Use the Trainer API to fine-tune the BERT model.

In [None]:
# Make sure device is defined
device = torch.device('cuda') if torch.cuda.is_available() else torch.device('cpu')
print(f"Using device: {device}")

# Map labels to the range [0, 1] (Twitter sentiment dataset uses 0 for negative, 4 for positive)
label_mapping = {0: 0, 4: 1}

# Ensure all labels are valid before mapping
train_labels_mapped = torch.tensor([label_mapping.get(label.item(), 0) for label in train_labels], dtype=torch.long)
val_labels_mapped = torch.tensor([label_mapping.get(label.item(), 0) for label in val_labels], dtype=torch.long)

# Verify label mapping
print(f'Unique train labels after mapping: {set(train_labels_mapped.tolist())}')
print(f'Unique validation labels after mapping: {set(val_labels_mapped.tolist())}')
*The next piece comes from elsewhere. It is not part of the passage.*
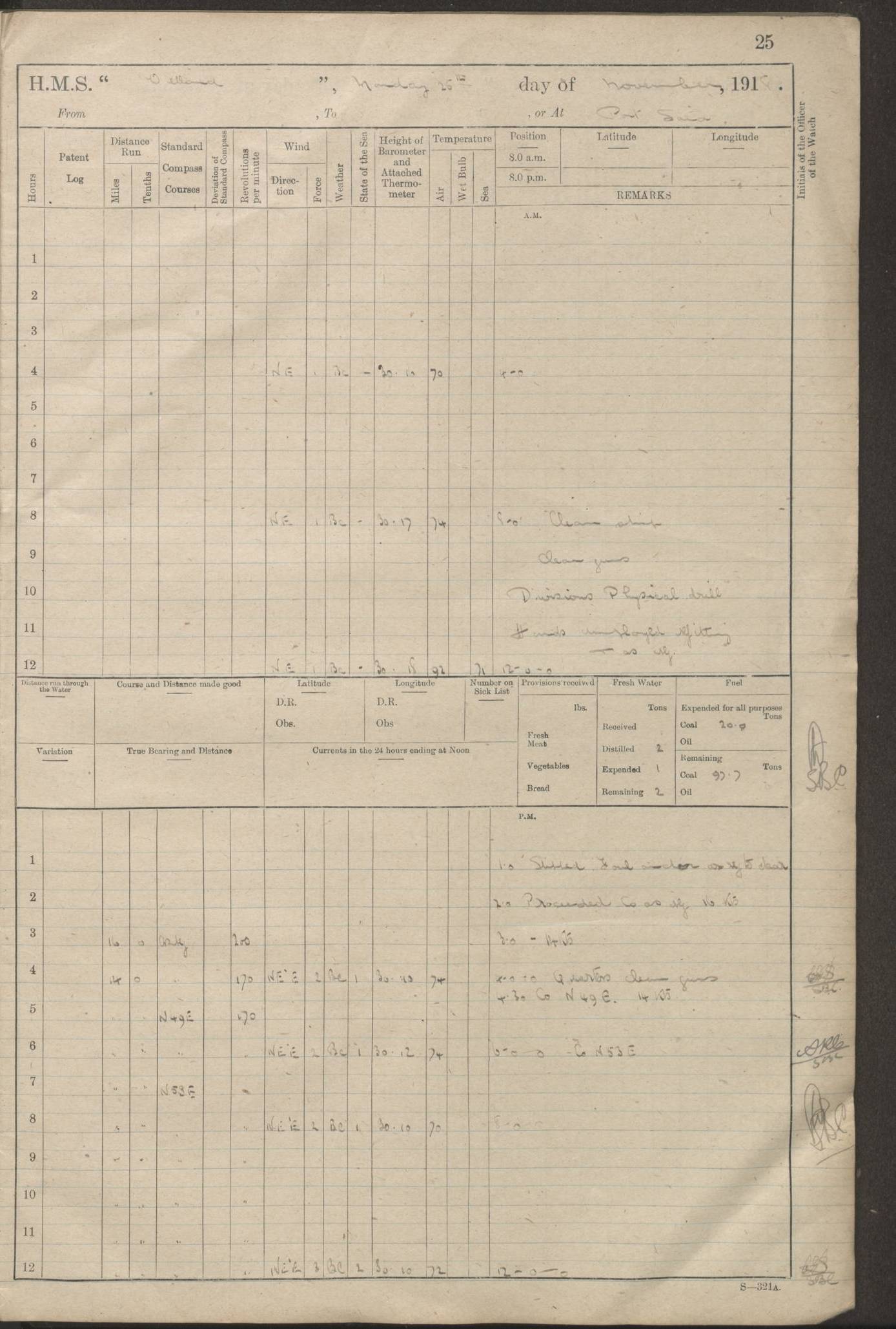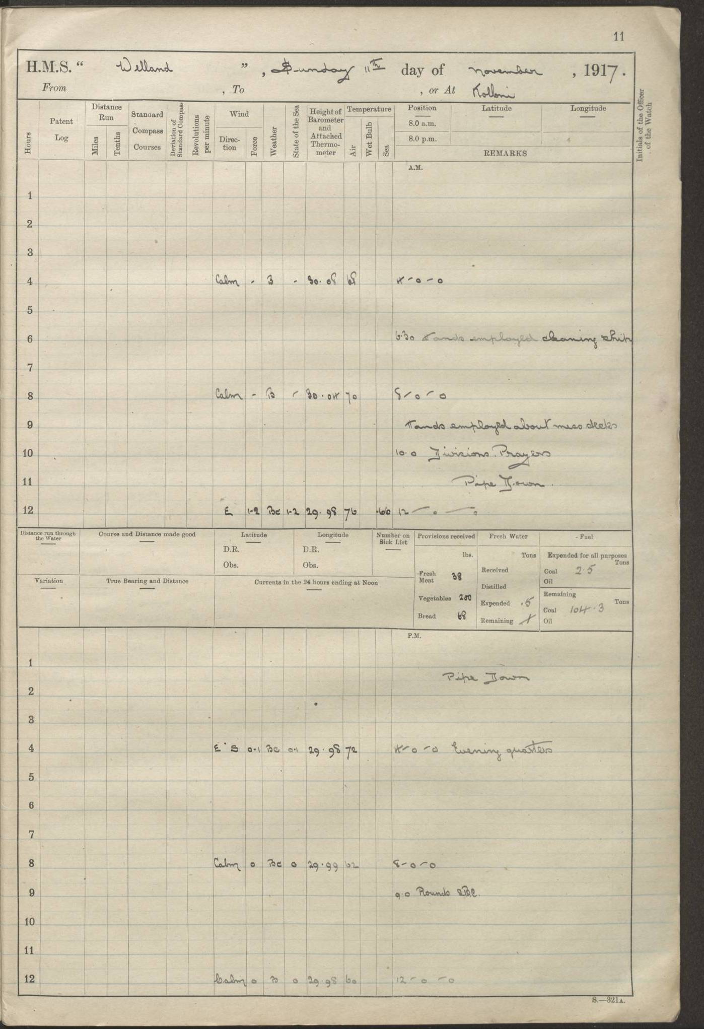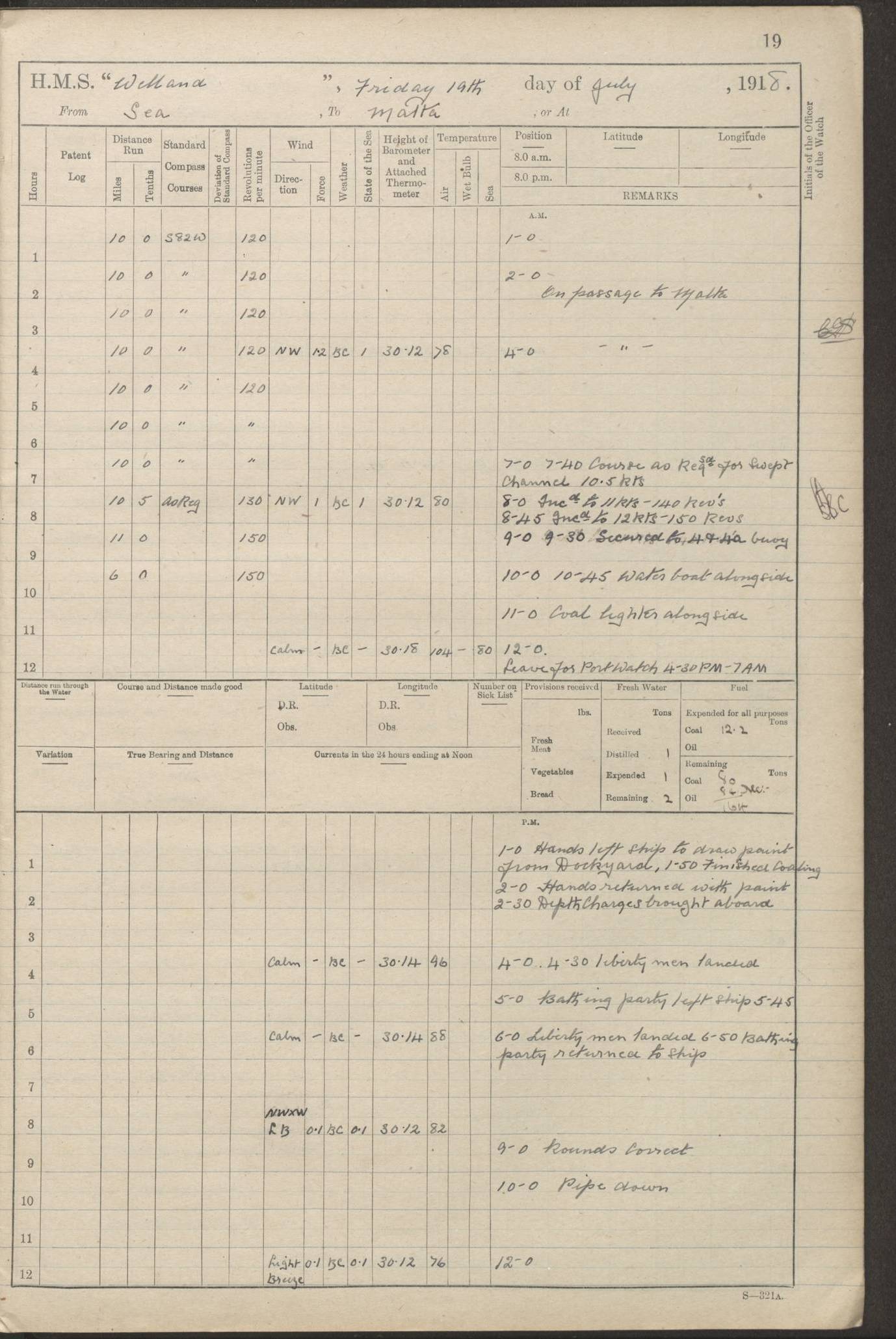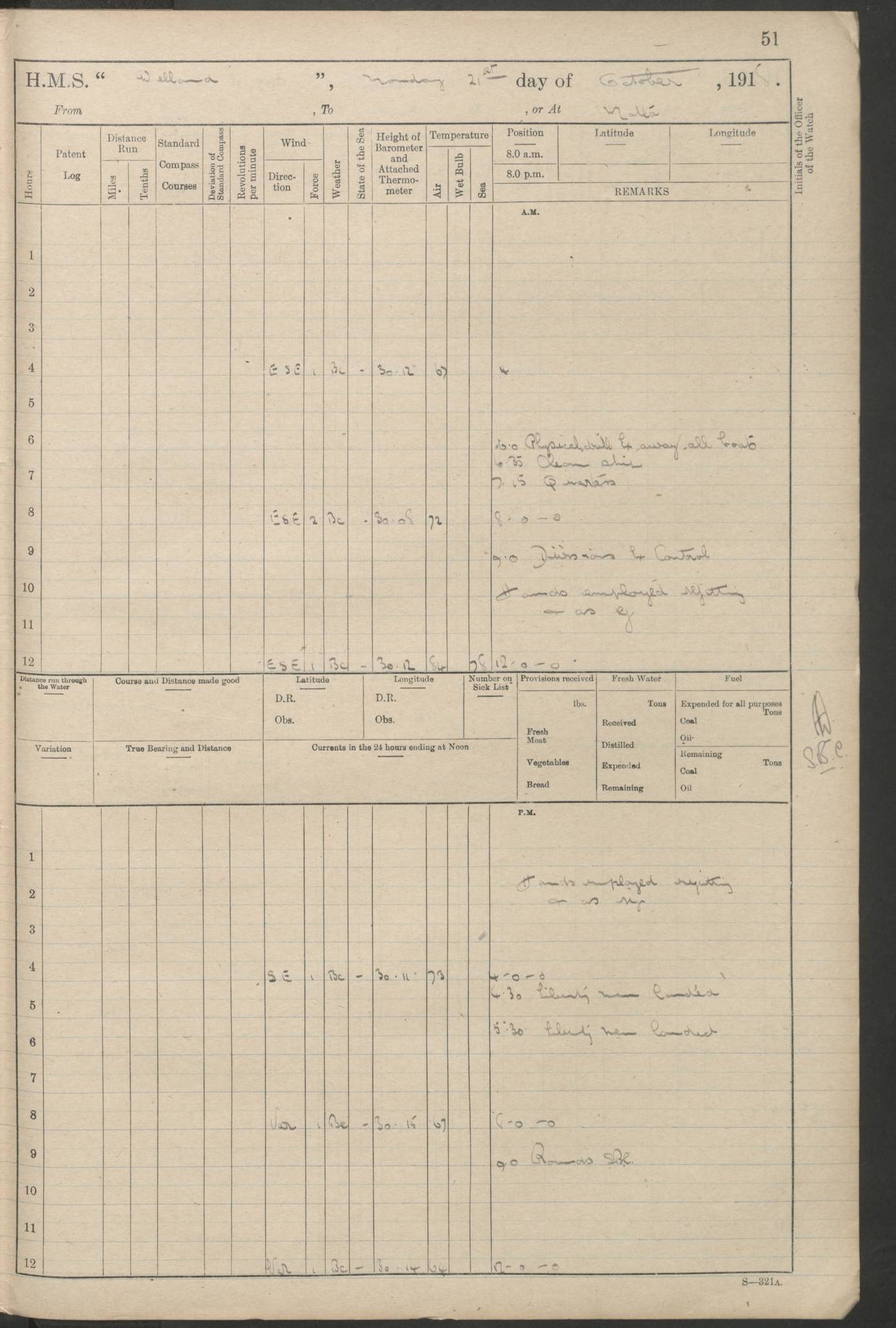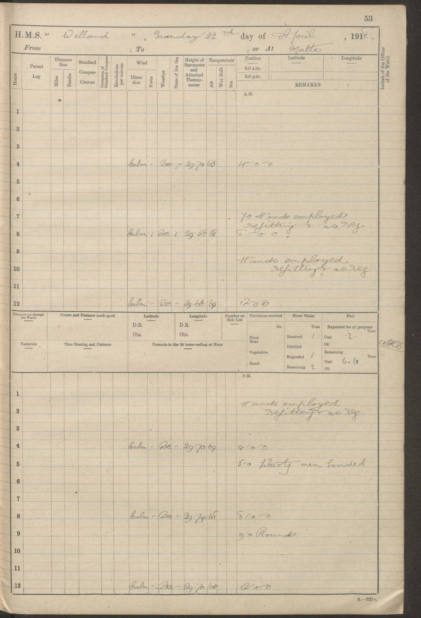 4caf8cadcadfd34197037692: (http://oldweather.s3.amazonaws.com/ADM 53-68366/ADM 53-68366-017_0.jpg) 28 December 1914 Port Said Lat 31.3, Long 32.3 3.15am: Sighted Suez bearing North. 3.55am: Reduced to 7 knots as requisite for Suez. 5.45am: Came to with Starboard anchor off Suez. 6.00am: Hands preparing ship for passage up Canal. 10.30am: Hands employed cleaning guns & small arms. Weighed and proceeded as requisite for passing the Suez Canal. 1.30pm: Hands piped down. 7.05pm: Arrived Port Said. Secured by Starboard anchor & stern to Jetty. 9.00pm: Rounds. 4caf8cadcadfd34197037693: (http://oldweather.s3.amazonaws.com/ADM 53-68366/ADM 53-68366-017_1.jpg) 29 December 1914 Port Said Lat 31.3, Long 32.3 6.00am: Hands employed scrubbing decks & cleaning guns. 8.45am: Hands painting ship. 11.25am: Coal lighters came alongside. Commenced coaling. 1.00pm: Leave to Watch 4.30pm till 6.30pm. 2.00pm: Hands painting ship. 2.10pm: Finished coaling. Received 120 tons. 9.00pm: Rounds. 9.55pm: Russian Cruiser ASKOLD sailed. 4caf8cadcadfd34197037694: (http://oldweather.s3.amazonaws.com/ADM 53-68366/ADM 53-68366-018_0.jpg) 30 December 1914 Port Said to Malta Lat 31.7, Long 31.7 2.30am: Lit up No. 2 & 3 Boilers. 5.15am: Hands employed securing ship for Sea. 6.00am: Pilot came on board. Weighed & proceeded as requisite. 7.15am: Dropped Pilot. Course N 40º W. 9 knots. 9.55am: Damietta Light House bearing S 63º W. 10.00am: Altered course N 74º W. 11.00am: Hands employed cleaning ship & securing gear. 1.00pm: Hands piped down. 5.00pm: Night Defence Stations. Provided ammunition. 4caf8cadcadfd34197037695: (http://oldweather.s3.amazonaws.com/ADM 53-68366/ADM 53-68366-018_1.jpg) 31 December 1914 Port Said to Malta Lat 33.0, Long 27.3 6.15am: Fell out Special Lookouts. Returned ammunition. 7.30am: Formed Divisions Line Ahead to Starboard. Course N 67º W. 9.00am: Hands employed lashing & rigging Splinters Guard & unshipping & clearing away stanchions. 10.10am: Put clocks back 11 minutes. 1.30pm: Hands piped down. 5.5pm: Formed single Line Ahead. Provided ammunition. LOGS FOR JANUARY 1915 4caf8cadcadfd34197037696: (http://oldweather.s3.amazonaws.com/ADM 53-68366/ADM 53-68366-019_0.jpg) 1 January 1915 Port Said to Malta Lat 34.1, Long 22.8 8.30am: Stopped 8.45am: Proceeded. Single line ahead 9.30am: Hands employed making bridge screens 10.18am: Put clocks back 18 minutes 1.30pm: Hands piped down 5.30pm: Formed single line ahead. Provided ammunition. Fresh water: Distilled 1 ton; expended 1 ton; remaining 1.5 tons Fuel: expended for all purposes – coal 22.2 tons; remaining 77.1 tons [A sample complete day’s log] 4caf8cadcadfd34197037697: (http://oldweather.s3.amazonaws.com/ADM 53-68366/ADM 53-68366-019_1.jpg) 2 January 1915 Port Said to Malta Lat 35.2, Long 18.4 7.15am: Hands employed fitting life lines round upper deck 4caf8cadcadfd34197037698: (http://oldweather.s3.amazonaws.com/ADM 53-68366/ADM 53-68366-020_0.jpg) 3 January 1915 Malta Lat 35.9, Long 14.52 6.40am: Fell out special lookouts 10.45am: Secured head and stern at destroyers’ trot Lazaretto Creek 1.00pm: Chelmer shifted billet 4caf8cadcadfd34197037699: (http://oldweather.s3.amazonaws.com/ADM 53-68366/ADM 53-68366-020_1.jpg) 4 January 1915 Malta Lat 35.9, Long 14.52 8.00am: Gave general leave to port watch from 8am to 8am 6th. Coal lighter came alongside. 4caf8cadcadfd3419703769a: (http://oldweather.s3.amazonaws.com/ADM 53-68366/ADM 53-68366-021_0.jpg) 5 January 1915 [6 January in log] Malta Lat 35.9, Long 14.52 4caf8cadcadfd3419703769b: (http://oldweather.s3.amazonaws.com/ADM 53-68366/ADM 53-68366-021_1.jpg) 6 January 1915 Malta Lat 35.9, Long 14.52 12.30pm: Leave to watch from 8am to 8am Friday 4caf8cadcadfd3419703769c: (http://oldweather.s3.amazonaws.com/ADM 53-68366/ADM 53-68366-022_0.jpg) 7 January 1915 Malta Lat 35.9, Long 14.52 4caf8cadcadfd3419703769d: (http://oldweather.s3.amazonaws.com/ADM 53-68366/ADM 53-68366-022_1.jpg) 8 January 1915 Malta Lat 35.9, Long 14.52 6.45am: Hands employed preparing ship for sea 8.30am: Slipped buoy and left Lazaretto Creek. Proceeded as requisite for Grand Harbour. 9.00am: Secured alongside Chelmer at Burmola Wharf, French Creek 4caf8cadcadfd3419703769e: (http://oldweather.s3.amazonaws.com/ADM 53-68366/ADM 53-68366-023_0.jpg) 9 January 1915 Malta Lat 35.9, Long 14.52 8.25am: Hands employed in dockyard and refitting canvas gear 1.15pm: Hands employed returning stores to dockyard 4caf8cadcadfd3419703769f: (http://oldweather.s3.amazonaws.com/ADM 53-68366/ADM 53-68366-023_1.jpg) 10 January 1915 Malta Lat 35.9, Long 14.52 9.30am: Landed church parties 11.30am: Church parties returned 12.25pm: Colne left harbour 4caf8cadcadfd341970376a0: (http://oldweather.s3.amazonaws.com/ADM 53-68366/ADM 53-68366-024_0.jpg) 11 January 1915 Malta Lat 35.9, Long 14.52 8.30am: Sent 2 ratings to hospital 1.30pm: Hands employed refitting fenders Number on sick list: 2 4caf8cadcadfd341970376a1: (http://oldweather.s3.amazonaws.com/ADM 53-68366/ADM 53-68366-024_1.jpg) 12 January 1915 Malta Lat 35.9, Long 14.52 11.00am: Sent 1 rating (sick) to Egmont Number on sick list: 1 4caf8cadcadfd341970376a2: (http://oldweather.s3.amazonaws.com/ADM 53-68366/ADM 53-68366-025_0.jpg) 13 January 1915 Malta Lat 35.9, Long 14.52 10.00am: French battleship Danton docked 4caf8cadcadfd341970376a3: (http://oldweather.s3.amazonaws.com/ADM 53-68366/ADM 53-68366-025_1.jpg) 14 January 1915 Malta Lat 35.9, Long 14.52 6.30am: Hands employed preparing ship for sea 7.30am: Tug came alongside 7.45am: Ship shifted to buoy 8.35am: Commenced swinging for adjustment of compasses 9.30am: Finished swinging 11.30am: One rating rejoined from Egmont 12.10pm: Slipped and proceeded as requisite for leaving Malta, Chelmer and Kennet in company 12.25pm: Set course S87E speed 10 knots 12.35pm: Increased to 12 knots. Hands piped down. 4.00pm: Increased to 13 knots 4.50pm: Night Defence Stations provided ammunition 6.00pm: Placed look-outs 12 midnight: Altered course S88E 4caf8cadcad

# Update train_dataset and val_dataset with the mapped labels
train_dataset = SentimentDataset(train_encodings, train_labels_mapped)
val_dataset = SentimentDataset(val_encodings, val_labels_mapped)

# Define Trainer
trainer = Trainer(
    model=model,
    args=training_args,
    train_dataset=train_dataset,
    eval_dataset=val_dataset
)

# Train the model
try:
    trainer.train()
except Exception as e:
    print(f"An error occurred during training: {e}")
    print("Debugging information:")
    print(f"Train dataset size: {len(train_dataset)}")
    print(f"Validation dataset size: {len(val_dataset)}")
    print(f"Train encodings keys: {train_encodings.keys()}")
    print(f"Validation encodings keys: {val_encodings.keys()}")
    
    # Safely check model properties
    if hasattr(model, 'config'):
        print(f"Model hidden size: {model.config.hidden_size}")
        print(f"Model num labels: {model.config.num_labels}")
    else:
        print("Model doesn't have a config attribute")
        
    # Check a sample input-output
    print("Testing a sample input through the model:")
    sample_input = {k: torch.tensor(v[:1]) for k, v in train_encodings.items()}
    # Move tensors to device
    sample_input = {k: v.to(device) for k, v in sample_input.items()}
    try:
        sample_output = model(**sample_input)
        print(f"Sample output shape: {sample_output.logits.shape if hasattr(sample_output, 'logits') else 'No logits'}")
    except Exception as sample_error:
        print(f"Error with sample: {sample_error}")

## Step 9: Save the Model

Save the fine-tuned model and tokenizer for later use.

In [None]:
# Check which model is being used
if hasattr(model, 'save_pretrained'):
	# Save Hugging Face model and tokenizer
	model.save_pretrained('./bert_model')
	tokenizer.save_pretrained('./bert_model')
	print("BERT model and tokenizer saved successfully!")
else:
	# Save PyTorch model using torch.save
	torch.save(model.state_dict(), './pytorch_model.pt')
	print("PyTorch model saved successfully!")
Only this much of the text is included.